И в самом деле, позднее я узнал, что мистер Дик больше десяти лет старается выбросить короля Карла Первого из своего Мемориала, но тот постоянно туда возвращался, да и теперь там пребывает.

— Я повторяю, — продолжала бабушка, — никто не знает, кроме меня, какой у этого человека ум! Он самый сердечный, самый покладистый человек на свете. Допустим, оy любит запускать бумажный змей. Какое это имеет значение? Франклин тоже любил запускать змей. Он был квакер или что-то в этом роде, если я не ошибаюсь. А квакер, запускающий змей, куда более смешон, чем кто-нибудь другой.

Если бы я предполагал, что бабушка рассказывала все эти подробности для моей пользы и в подтверждение своего доверия ко мне, я почувствовал бы себя крайне польщенным и в таких знаках расположения мог бы усмотреть доброе предзнаменование. Но вряд ли я мог не заметить, что она начала этот разговор главным образом потому, что сей вопрос невольно возникал у нее, и отвечала она себе самой, но отнюдь не мне, к которому она адресовалась за отсутствием другого слушателя.

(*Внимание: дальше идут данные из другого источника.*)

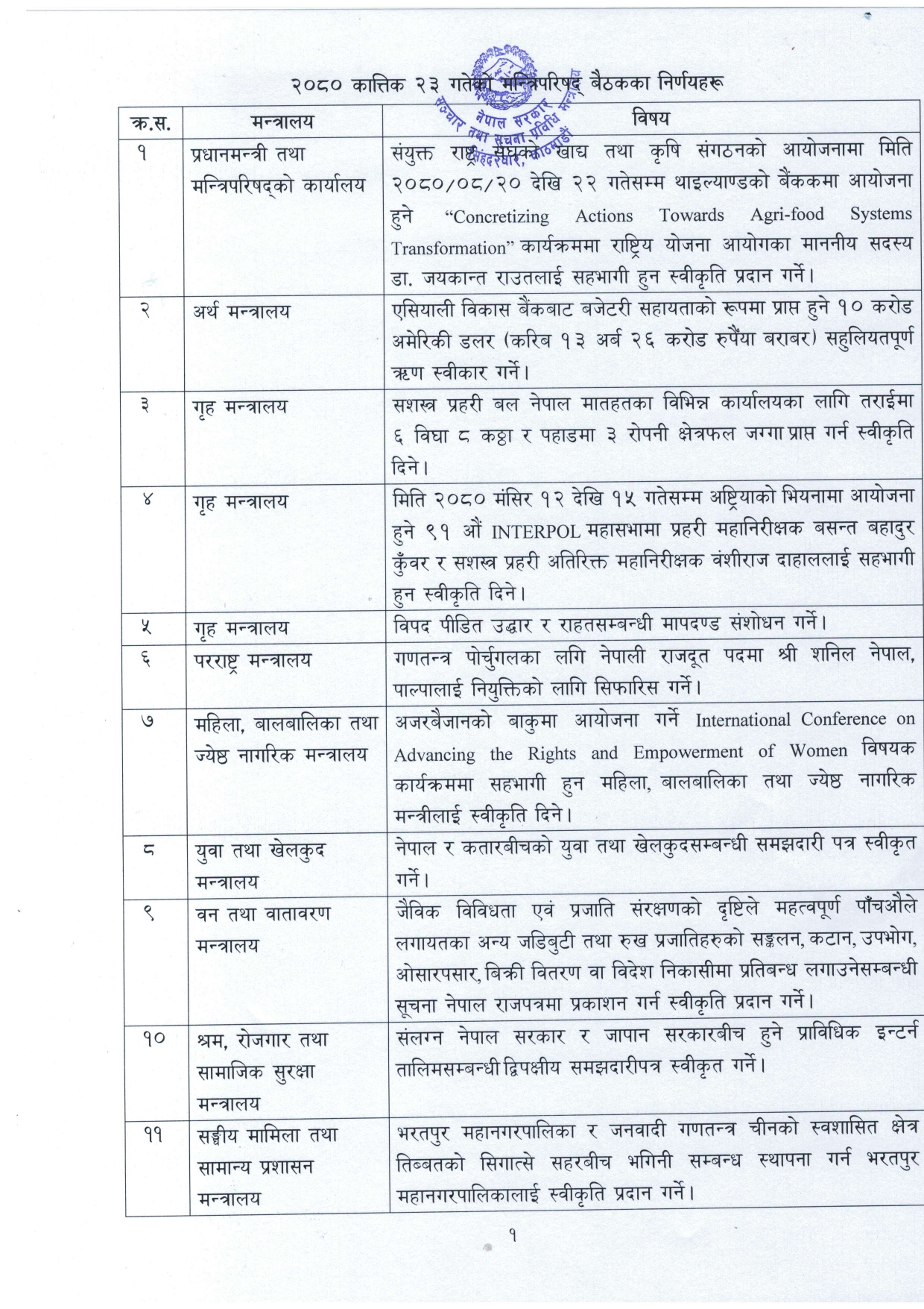 सरकारले जैविक विविधता एवं प्रजाति संरक्षणको दृष्टिले महत्त्वपूर्ण पाँचऔँलेलगायतका जडीबुटी तथा रूख प्रजातिहरूको संकलन, कटान, उपभोग, ओसारपसार, बिक्री वितरण वा विदेश निकासीमा प्रतिबन्ध लगाउनेसम्बन्धी सूचना नेपाल राजपत्रमा प्रकाशन गर्न स्वीकृति दिएको छ। सरकारले नेपाल र जापानबीच हुने प्राविधिक इन्टर्न तालिमसम्बन्धी द्विपक्षीय समझदारीपत्र स्वीकृत गर्ने निर्णय पनि गरेको छ।

В то же время должен заметить, что ее благородная защита безобидного бедняги мистера Дика и ее заботы не только вселили в мое юное сердце эгоистическую надежду, но и пробудили в нем бескорыстное теплое чувство к ней самой. Мне кажется, я начал понимать, что, невзирая на многие ее странности и нелепые выходки, в моей бабушке есть нечто достойное доверия и уважения. Хотя в тот день она была такой же резкой, как накануне, и, по своему обыкновению, выбегала из дому, гоняясь за ослами, и пришла в неописуемое негодование, когда проходивший мимо юноша подмигнул Дженет, сидевшей у окна (это почиталось самым тяжким оскорблением бабушкиного достоинства), но тем не менее она заставила меня больше ее уважать, хотя я боялся ее по-прежнему.

Тревога, которую я испытывал в ожидании ответа от мистера Мэрдстона, была очень велика; но я всячески пытался ее скрыть и старался быть спокойным и приятным в обхождении с бабушкой и мистером Диком. Я непременно отправился бы вместе с этим джентльменом запускать огромный змей, но на мне было лишь то живописное платье, в которое меня нарядили в первый день, и потому мне приходилось сидеть дома, и только в сумерках, в течение часа, перед тем как я ложился спать, бабушка прогуливала меня для моциона по крутому берегу. Наконец пришел ответ мистера Мэрдстона, и, к моему безграничному ужасу, бабушка сообщила мне, что он приедет поговорить с ней на следующий день. Этот день наступил; я сидел, облаченный в свой странный костюм, и считал часы, красный, разгоряченный внутренней борьбой между угасающей надеждой и все усиливающимся страхом, трепеща при мысли, что вот-вот увижу эту мрачную физиономию, а также содрогаясь ежеминутно от того, что она все не появляется.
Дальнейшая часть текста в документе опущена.